No Two Alike, But How Different?
When you think of a snowflake, you probably picture something like a stellar dendrite—the classic six-armed branching snow crystal that shows up as a decoration everywhere this time of year. But depending on the classification scheme, there are as many as 80 different types of snow crystals, or snowflakes, out there—and you can begin a basic snowflake search to investigate this in snowy regions with little more than a magnifying glass. In fact, that’s how Caltech physicist and snowflake guru Ken Libbrecht started his hunt, which has turned into the focus of his research. After happening across a journal article that described a type of snow crystal called a capped column, he wondered why he had never noticed one of the miniature icy thread bobbins falling from the sky in his native North Dakota. The next time he was back home, he grabbed a magnifying glass and went outside to take a closer look. “I saw capped columns. I saw all these different snowflakes,” he says. “It’s very easy. It’s just that I had never looked.”

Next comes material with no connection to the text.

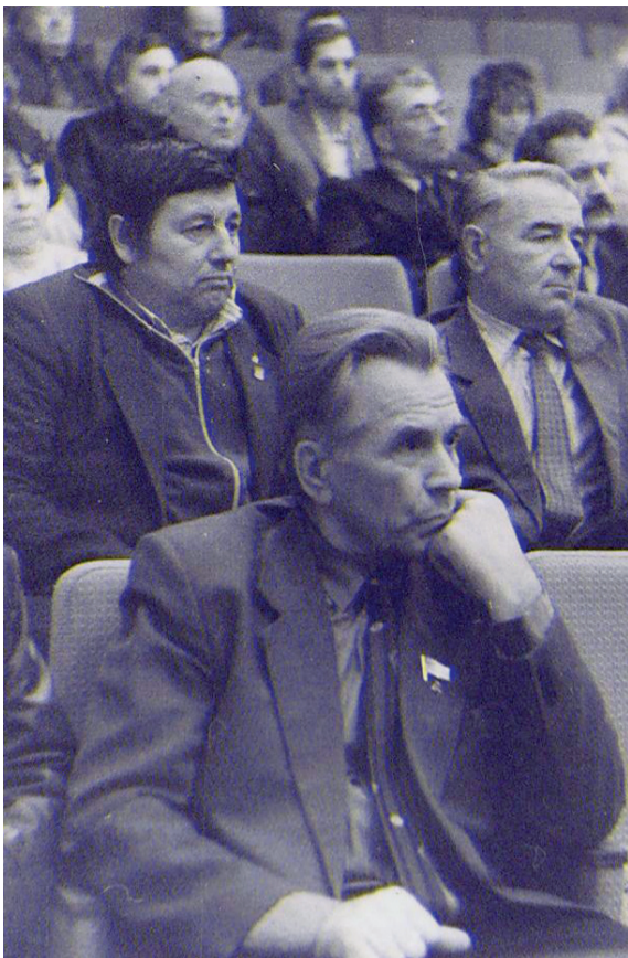
На сессии Верховного Совета первого созыва

и организации должны прекратить отчисления в бюджет Молдовы. Средства начали направляться на счета нового приднестровского банка.

http://www.youtube.com/watch?v=fd-hb2xzvZI
Since that first foray into snowflake hunting in the late 1990s, Libbrecht has published seven books of snowflake photographs and has spent years in the lab trying to understand the molecular dynamics that dictate how ice crystals grow. For example, snowflakes go from forming in thin, flat plates to growing in long, slender needles when the temperature changes by just a few degrees. You can see this change clearly in the laboratory, yet no one knows exactly why it happens.
Among the less recognizable snowflakes on the chart that Libbrecht uses are hollow columns, which are tiny hexagonal columns with hollow spaces at either end; bullet rosettes, which form when multiple crystals grow columns at various angles from a single ice grain; and double plates, which are similar to capped columns but feature one plate that is much larger than the other.